Aquella tarde en la Casa del Pueblo le conté lo que pude a Soledad. Porque tampoco es que yo hubiera escuchado nada, solo eran medias palabras y un puñado de gestos, solo era una sensación, un pálpito, un mal presentimiento. Pero en el Sur de las Palabras hacía más frío, mucho frío.
Se llamaba Soledad Crespo Barea y aquel atardecer terminamos antes la reunión para despistar horarios y rutinas, para no ver cumplidos malos presentimientos, para que ella escapara. Yo no podía creer que aquello estuviera pasando, que allí en mi pueblo yo tuviera que vivir eso, que la guerra al fin hubiera llegado a ese lugar remoto y recogido donde vivíamos y nos hubiera empapado con sus rencores y sus separaciones.
Soledad quiso regalarme su pizarra. Y yo que sabía cuánto quería a ese trasto que acarreaba de un lado a otro, se lo agradecí tanto cómo si me la fuera a quedar. Pero la convencí de que a ella le iba a hacer mucha más falta que a mí. Y así la vi marcharse, con lo puesto, con todas sus palabras recogidas, y casi colgando de aquella pizarra que la llevaba a ella y no al revés. Así, con infinita pena la vi escapar una fría madrugada que aún hace tiritar a mi memoria y avergonzarse a mi alma.

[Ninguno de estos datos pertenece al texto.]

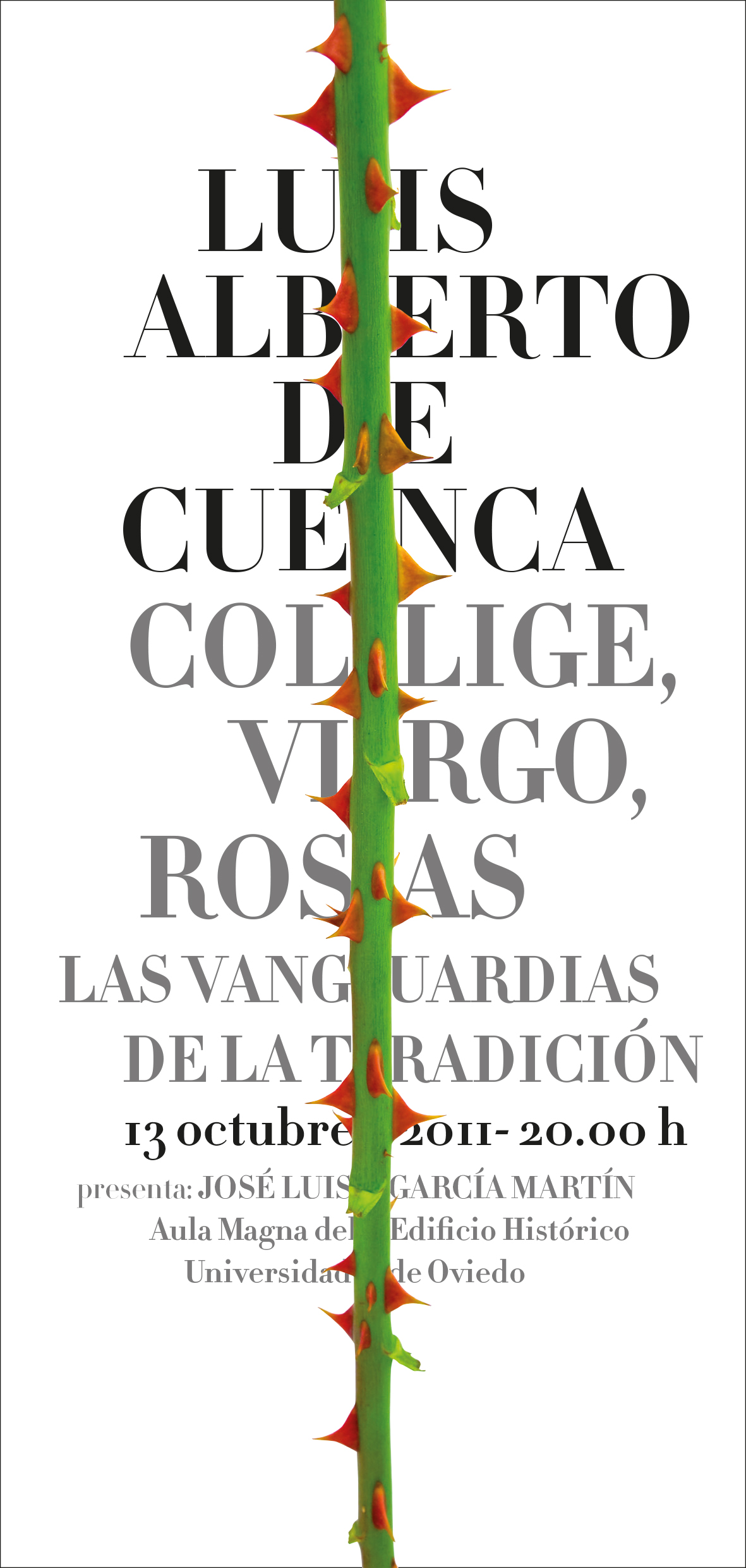 El jueves, 13 de octubre, Luis Alberto de Cuenca impartirá la que será la tercera conferencia del año programada por La Cátedra Emilio Alarcos en 2011. Lleva por título Collige, virgo, rosas. Las vanguardias de la tradición y como es habitual el lugar será el Edificio Histórico de la Universidad de Oviedo (c/ San Francisco, 1. Oviedo).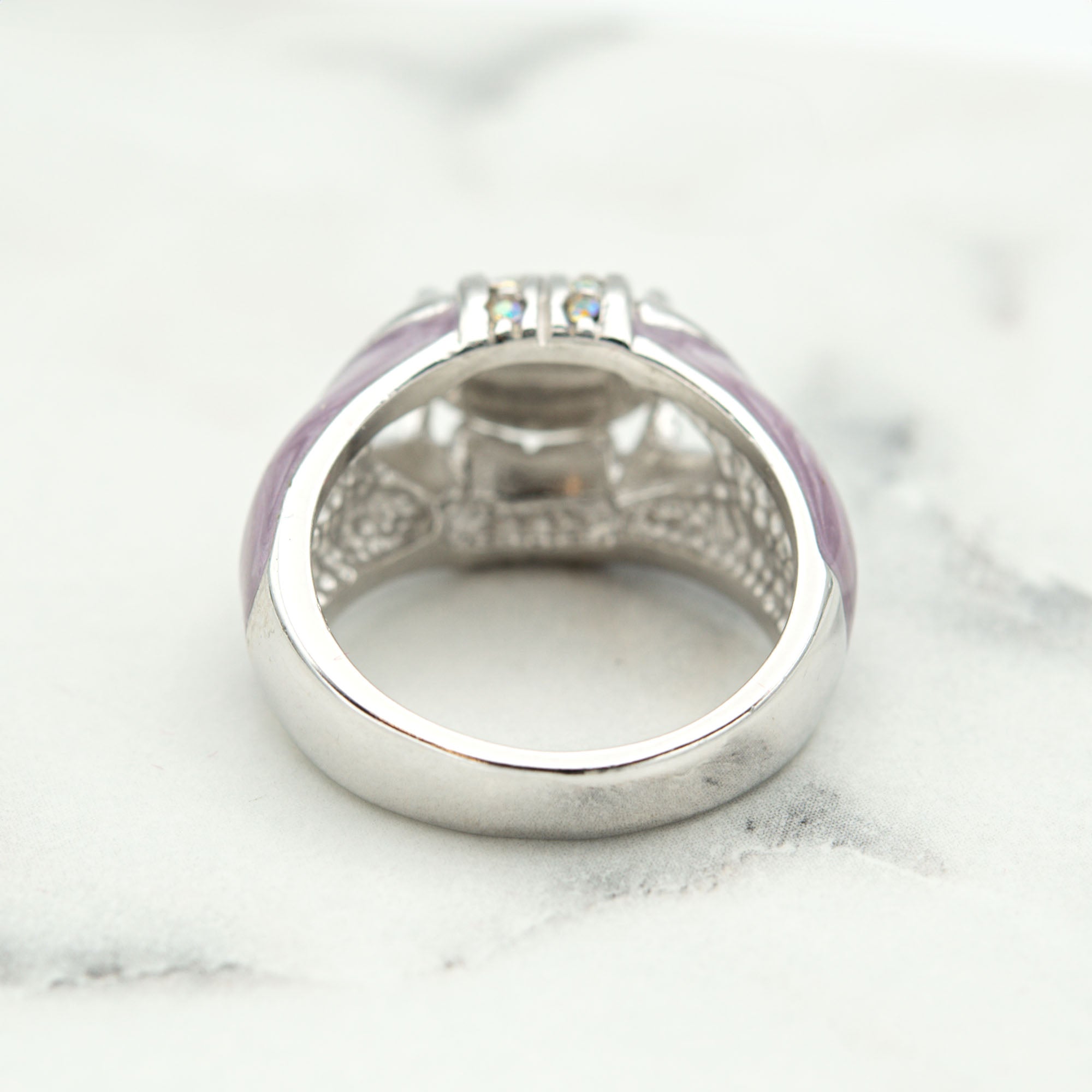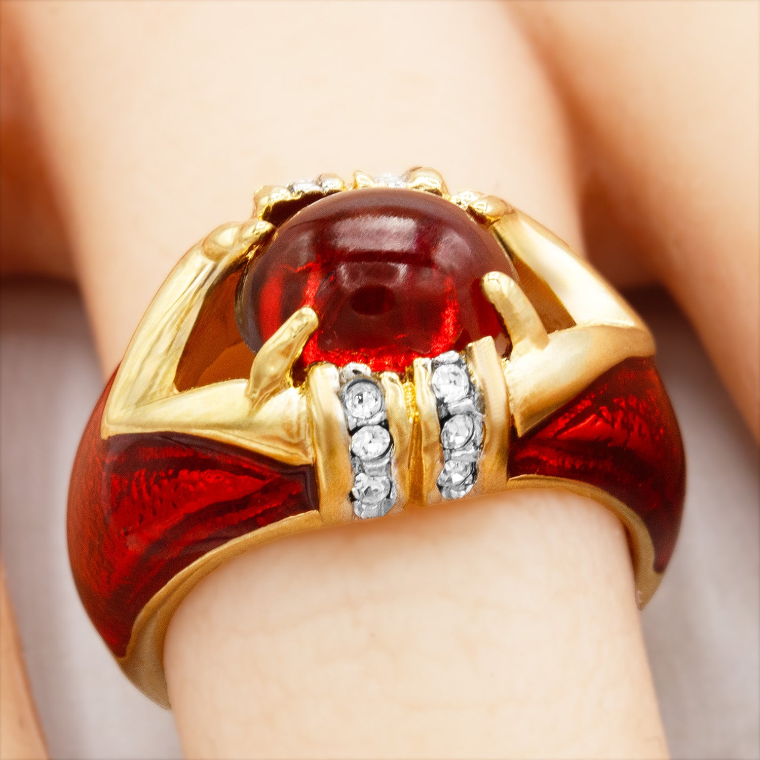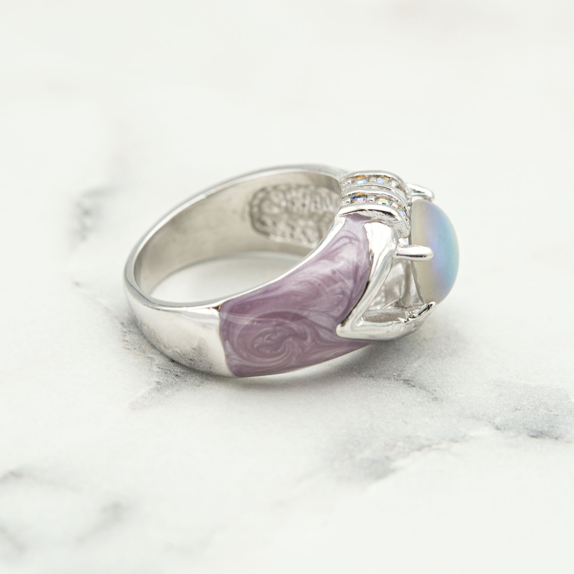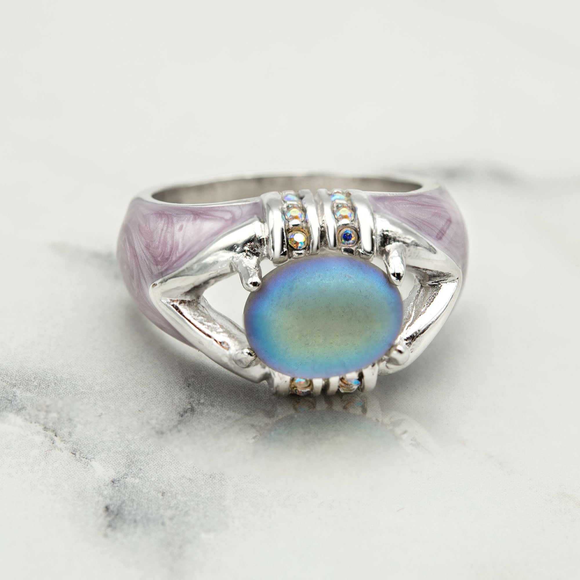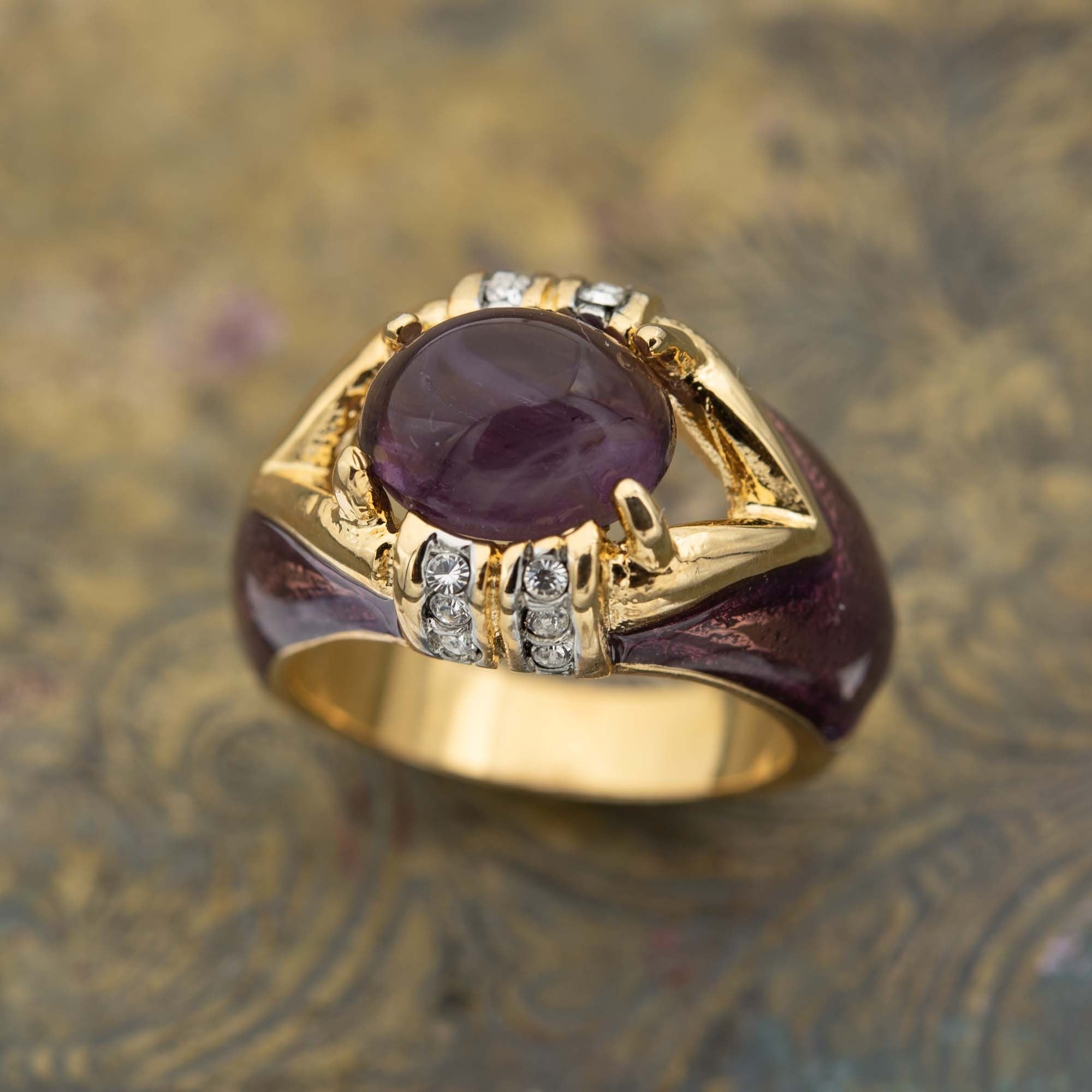 Vintage Ring 1990's Moonstone, Emerald, or Amethyst and Clear Crystals Dome Ring Womans Antique Jewlery

A la tarde siguiente, con una sensación triste y creciente de soledad en mi interior, volví como siempre a la Casa del Pueblo. Pensaba que me haría bien la cháchara con las mujeres, los chascarrillos, estar entretenida en las labores, en mi ajuar. Echaría mucho de menos a Soledad, pero como ella me había dicho, tenía que estar contenta pues ya sabía leer. Ya no necesitaría que nadie me contara nada, podía leerlo yo misma cuando quisiera. Y allí estaba, con las demás mujeres, cuando de pronto se abrió la puerta y asomó la cabeza mi Marcial. Yo me iba a casar con él, yo le había querido siempre. Y me alegró verle así de pronto, necesitaba calor, y le sonreí. Pero entonces él que no había pasado el quicio de la puerta, abrió bien ésta, se dio media vuelta, y entró acarreando un bulto demasiado familiar.
- ¿Dónde os dejo esto? -Me dijo con una sonrisa.
- ¡Pero si es la pizarra de Soledad! -Exclamó la señora Reme enseguida muy sorprendida. Y miró a mi Marcial, y me miró a mí.
- Pues ya ve señora Reme, por ahí tirada que la encontré. Tanto que la quería… Si cuando decía yo que no era de fiar… -contestó mi Marcial.
Yo miraba a la señora Reme, miraba a mi Marcial y miraba la pizarra sin poder articular ni una sola palabra. La sonrisa se me había helado en los labios.
Han pasado más de sesenta años desde entonces. Y aunque hay un dicho que dice mala hierba nunca muere, va ya para dos lustros que enterré a mi Marcial. No hay un solo despertar desde entonces que no le dé gracias a Dios porque al fin se lo llevara de mi lado. Ahora leo en las noticias, porque a pesar de esta nube que tengo en los ojos no sé ni cuántos periódicos soy capaz aún de devorar, que van empezar a picar el suelo por aquí, por no sé qué gaitas esas de la memoria histórica. Y por segunda vez en mi vida yo tengo un pálpito, un mal presentimiento.
Se llamaba Soledad Crespo Barea y me quiso bien. ¿Qué más necesito saber? Yo ya tengo mi memoria.